◆ **EXERCISE GOAL**
The line with "模擬授業の後は、大学の食堂で" marks the first line to copy, and the line with "三一硅能·南江2GW高效晶硅光伏組件生產基地的排版機器人正在進行精確定位排列" marks the last. Transcribe that stretch of the data below exactly, without pictures.

◆ **SOURCE RECORDS**

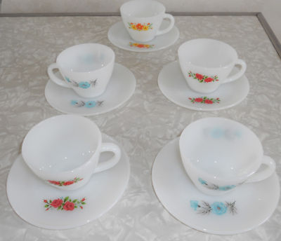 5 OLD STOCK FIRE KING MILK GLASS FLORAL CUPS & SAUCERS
* * *
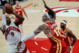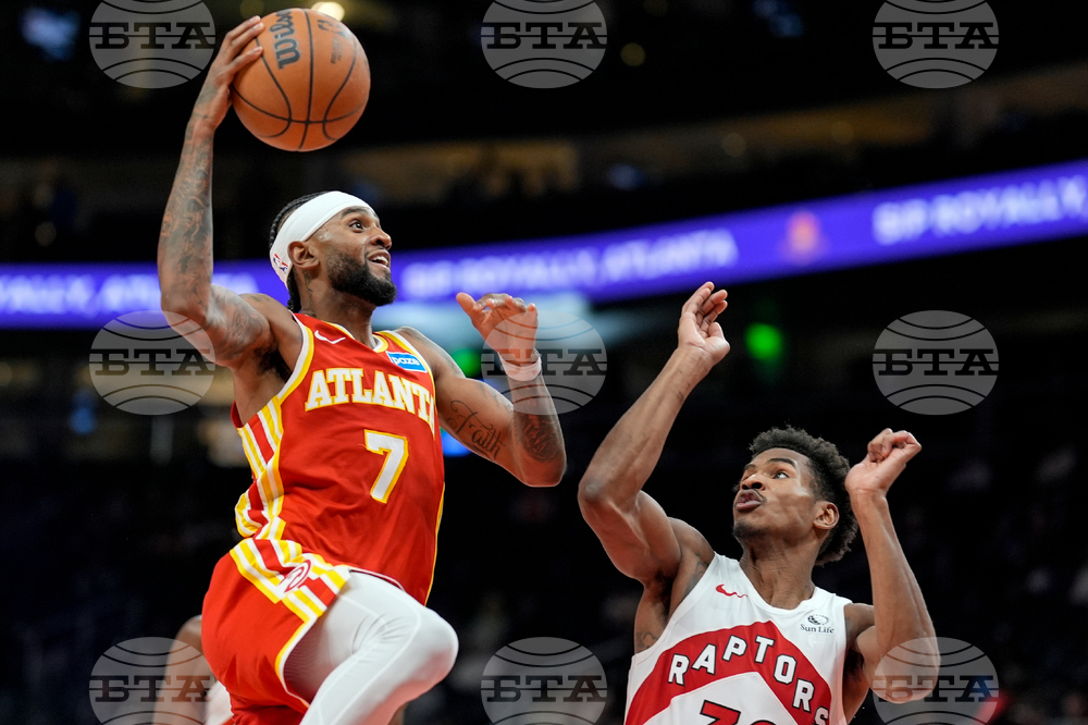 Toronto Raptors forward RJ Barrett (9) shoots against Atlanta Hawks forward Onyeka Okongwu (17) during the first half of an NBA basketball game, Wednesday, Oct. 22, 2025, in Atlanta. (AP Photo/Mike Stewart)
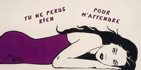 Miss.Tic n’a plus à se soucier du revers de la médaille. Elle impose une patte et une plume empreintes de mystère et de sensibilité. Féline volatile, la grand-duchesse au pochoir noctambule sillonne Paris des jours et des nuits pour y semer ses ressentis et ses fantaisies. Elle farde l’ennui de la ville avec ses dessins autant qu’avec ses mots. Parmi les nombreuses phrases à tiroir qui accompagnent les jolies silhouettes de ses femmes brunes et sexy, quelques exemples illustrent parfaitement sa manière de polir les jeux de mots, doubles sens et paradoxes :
...
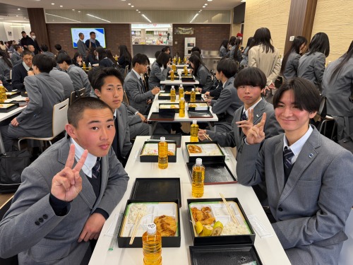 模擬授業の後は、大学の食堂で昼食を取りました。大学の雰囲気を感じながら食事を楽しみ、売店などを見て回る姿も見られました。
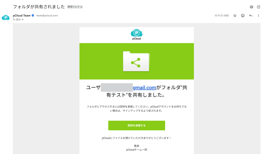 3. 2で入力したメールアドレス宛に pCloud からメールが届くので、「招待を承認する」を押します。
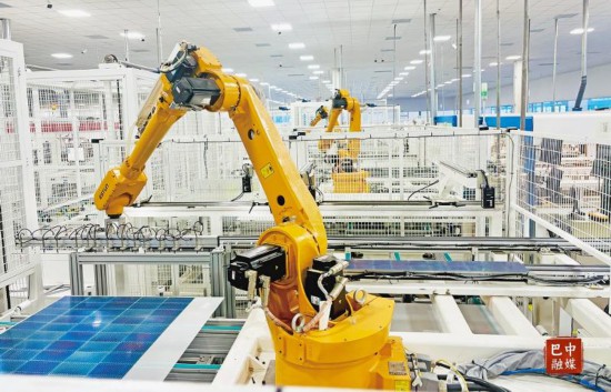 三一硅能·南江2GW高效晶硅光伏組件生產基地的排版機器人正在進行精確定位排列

◆ **EXPECTED ANSWER**
 模擬授業の後は、大学の食堂で昼食を取りました。大学の雰囲気を感じながら食事を楽しみ、売店などを見て回る姿も見られました。
 3. 2で入力したメールアドレス宛に pCloud からメールが届くので、「招待を承認する」を押します。
 三一硅能·南江2GW高效晶硅光伏組件生產基地的排版機器人正在進行精確定位排列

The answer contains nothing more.